That's bad. Which was very scary as you can imagine to the scientists involved. Right.
Because although they didn't prove it, they theorized that this indicated there was airborne spread of this particular strain of Ebola.
But thankfully,
the humans who were in direct contact
with the monkeys, all of them never developed any symptoms.
Although some did develop antibodies to Ebola,
so they took blood from the people and checked it later
and it looked like they had survived Ebola.
They had developed little antibodies, which are bad.
So what happened there, is it just harder
for that particular strain to, in fact,
to make the jump from monkeys to humans?
Exactly.
For some reason, this particular strain
is just not very adapted in fact in humans.

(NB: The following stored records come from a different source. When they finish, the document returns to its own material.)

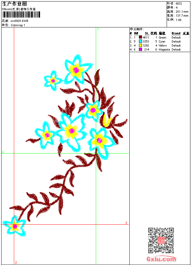 - emb花版参数: 大小:62.00 KB / 尺寸:138*201[毫米] / 针数:8872针 / 线色:4 / 格式:emb / 版本:9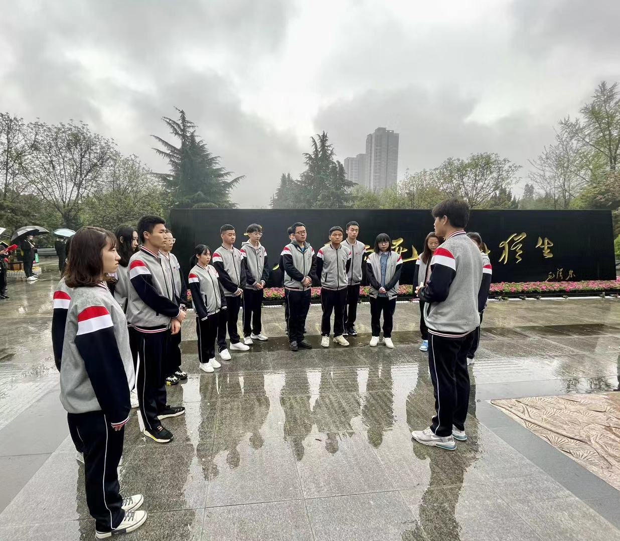 翠柏凝春,青松競秀,蒙蒙細雨中的烈士陵園更顯莊嚴肅穆。早八時許,在2018級輔導員張靚、2019級輔導員邱迪的帶領下,本次新發展的十六黨員代表齊聚在紀念碑前,共同學習黨史,緬懷革命英烈。
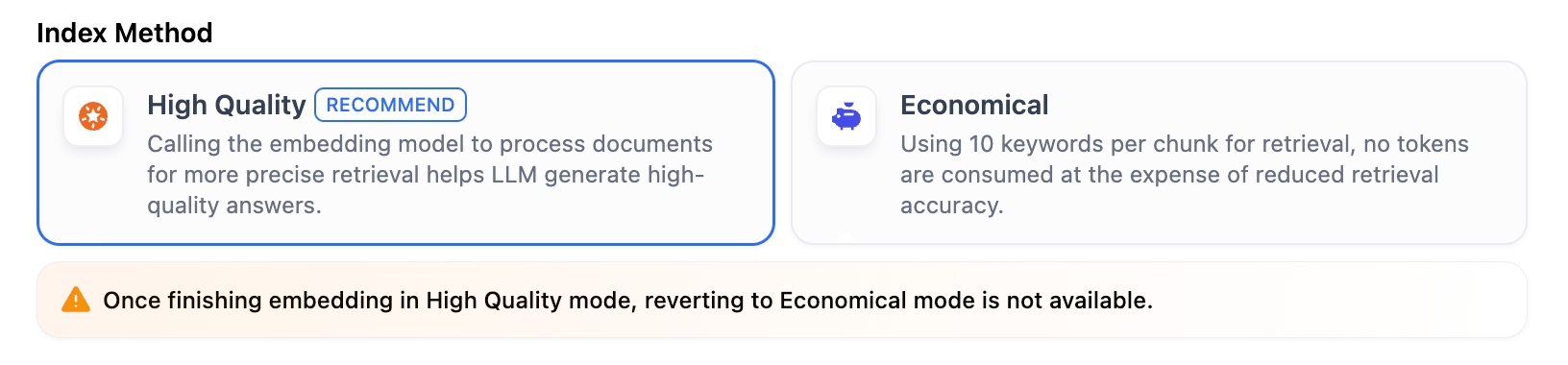 二層の構造を採用し、検索精度とコンテキスト情報のバランスを取ります。このモードでは、親セクション(Parent-chunk)がより大きなテキスト単位(例えば段落)を包含し、豊富なコンテキスト情報を提供します。子セクション(Child-chunk)はより小さなテキスト単位(例えば文)で、精確な検索に利用されます。システムは最初に子セクションを通じて精確な検索を行い関連性を確保した後、対応する親セクションを取得しコンテキスト情報を補完し、レスポンスを生成する際に正確さを保ちながら完全な背景情報を提供します。セクションの分割方法は、区切り文字と最大長さの設定を通してカスタマイズできます。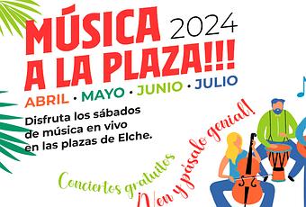 La concejalía de Cultura ha organizado un ciclo de conciertos denominado 'Música en las Plazas'. Esta innovadora propuesta se llevará a cabo en Elche y contará con 15 conciertos que se realizarán en las plazas más emblemáticas de la ciudad, los días sábados de abril, mayo, junio y julio.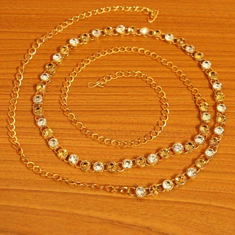 GOLD PLATED ZIRCON STUDDED ADJUSTABLE WAIST BELT
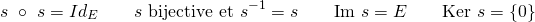 \[ \qquad s \ \circ \ s = Id_E \qquad s \text{ bijective et } s^{-1} = s \qquad \text{Im } s = E \qquad \text{Ker } s = \{0\} \]
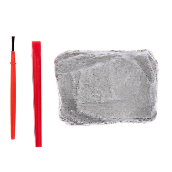 В наборе есть кисточка, долото, гипсовый объект с мумией фараона внутри.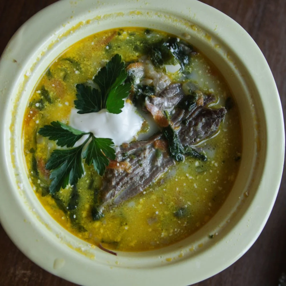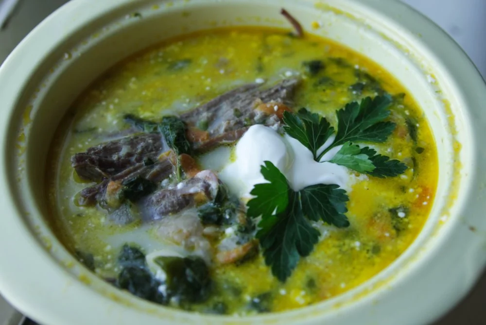 Зеленый борщ с крапивой, черемшой и шпинатом на говяжьем бульоне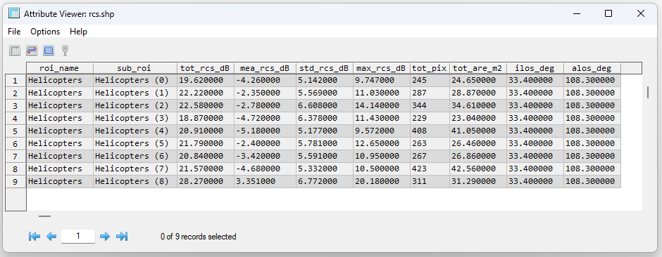 For this quick guide, you will use the SAR Radar Cross Section tool to estimate the RCS of military helicopters at a Russian air base. The tool reads and displays SLC power images and lets you draw ROIs around individual objects in the images. The tool computes RCS and other metrics from the ROIs and creates shapefiles from them. It then adds the resulting values to the shapefile attributes, which you can see in the Attribute Viewer. ENVI also annotates the RCS values for each ROI on the screen.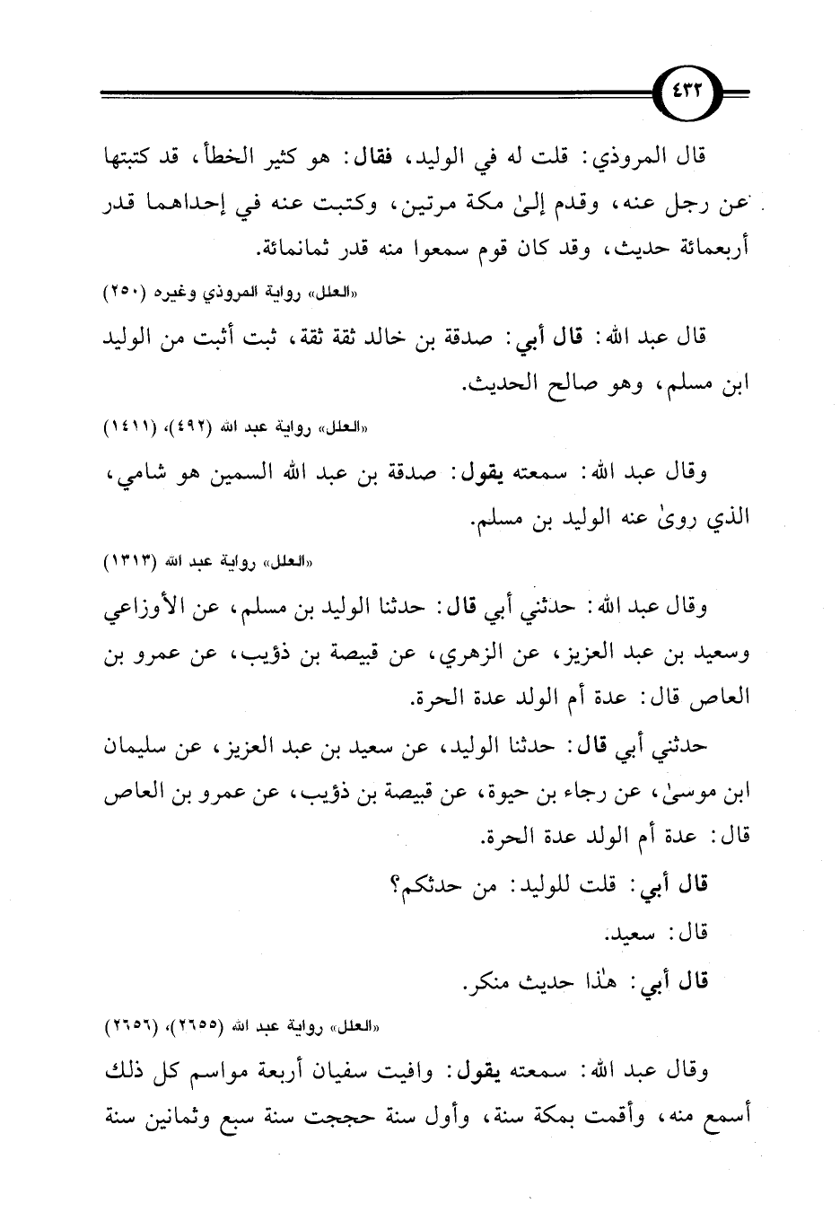 وقال عبد اللَّه: حدثني أبي قال: حدثنا الوليد بن مسلم، عن الأوزاعي وسعيد بن عبد العزيز، عن الزهري، عن قبيصة بن ذؤيب، عن عمرو بن العاص قال: عدة أم الولد عدة الحرة.

It's good at infecting monkeys.
And certainly it could, it got into the human bloodstream,
but as far as actually causing disease,
making people sick, it didn't do that.
Which, again, is a great relief since it may well have been airborne.
Right.
Throughout the 90s and then going into the 2000s, again, we saw little outbreaks here and there
in different parts of Africa, again in the Sudan and the DRC and then in Uganda and Gabon.
And then we discovered the two, the other strains.
and Gabon, and then we discovered the two, the other strains, but up until currently, the single largest outbreak of Ebola virus anywhere had been about 400 cases.
So how did it, how did Ebola get its start with us, Sydney?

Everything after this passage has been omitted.